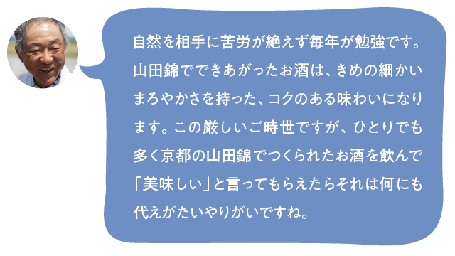 気軽に飲んでもらえることで、熱い志をもった酒米農家やテロワール(土地の個性)を守ることができるのではないか…次の世代へ繋げることも私達の役目だと考えます。京都産山田錦の純米酒を飲んで京都の酒文化を応援してくださる方を募集いたします!
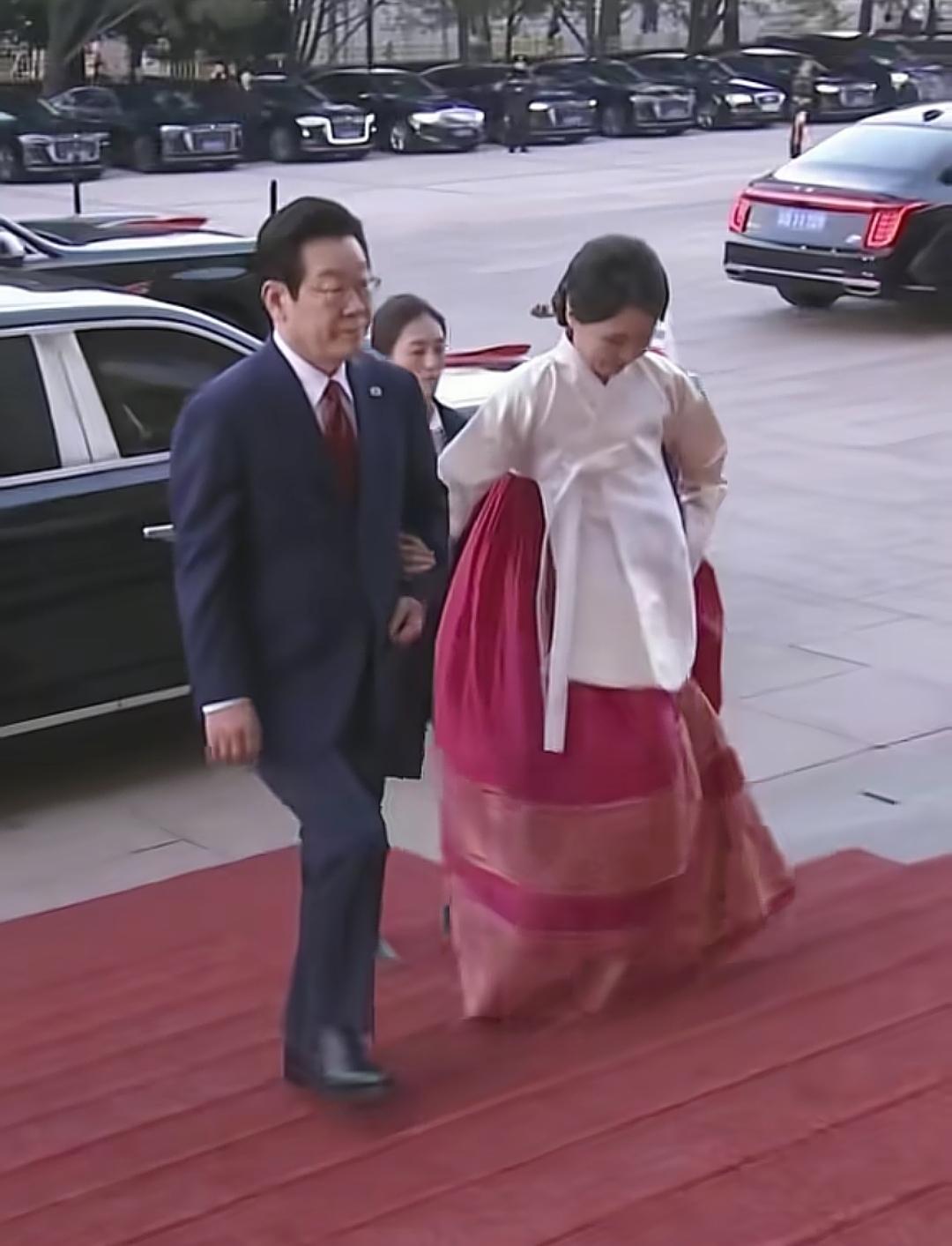 1月5日,金惠景女士到访人民大会堂时,选择了一身传统韩服亮相,红裙白上衣的搭配端庄醒目,双手收拢在衣裙中,脚穿白色鞋子,整体显得含蓄典雅。 金惠景这次来华特别注重礼仪,这次穿韩服正式着装,表现出她重视仪态,很内敛,并且还不露手臂与手部,说明很讲究,走上铺着红地毯的台阶时,金惠景步履平稳,与场合气氛很契合。 金惠景身后跟着一位穿正装的女保镖,步伐保持适当距离,目光专注四周,因为是在重要场合,金惠景这次来华随行保镖衣着正式、举止克制,显得专业且尊重。
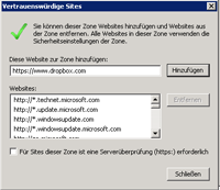 Wählen Sie bitte Hinzufügen und im nachfolgenden Dialog ebenfalls Hinzufügen und Schließen für die Webseiten des Cloudproviders.

◆ What to do ◆
Give the listing above again word for word, without its pictures.

◆ Expected output ◆
 気軽に飲んでもらえることで、熱い志をもった酒米農家やテロワール(土地の個性)を守ることができるのではないか…次の世代へ繋げることも私達の役目だと考えます。京都産山田錦の純米酒を飲んで京都の酒文化を応援してくださる方を募集いたします!
 1月5日,金惠景女士到访人民大会堂时,选择了一身传统韩服亮相,红裙白上衣的搭配端庄醒目,双手收拢在衣裙中,脚穿白色鞋子,整体显得含蓄典雅。 金惠景这次来华特别注重礼仪,这次穿韩服正式着装,表现出她重视仪态,很内敛,并且还不露手臂与手部,说明很讲究,走上铺着红地毯的台阶时,金惠景步履平稳,与场合气氛很契合。 金惠景身后跟着一位穿正装的女保镖,步伐保持适当距离,目光专注四周,因为是在重要场合,金惠景这次来华随行保镖衣着正式、举止克制,显得专业且尊重。
 Wählen Sie bitte Hinzufügen und im nachfolgenden Dialog ebenfalls Hinzufügen und Schließen für die Webseiten des Cloudproviders.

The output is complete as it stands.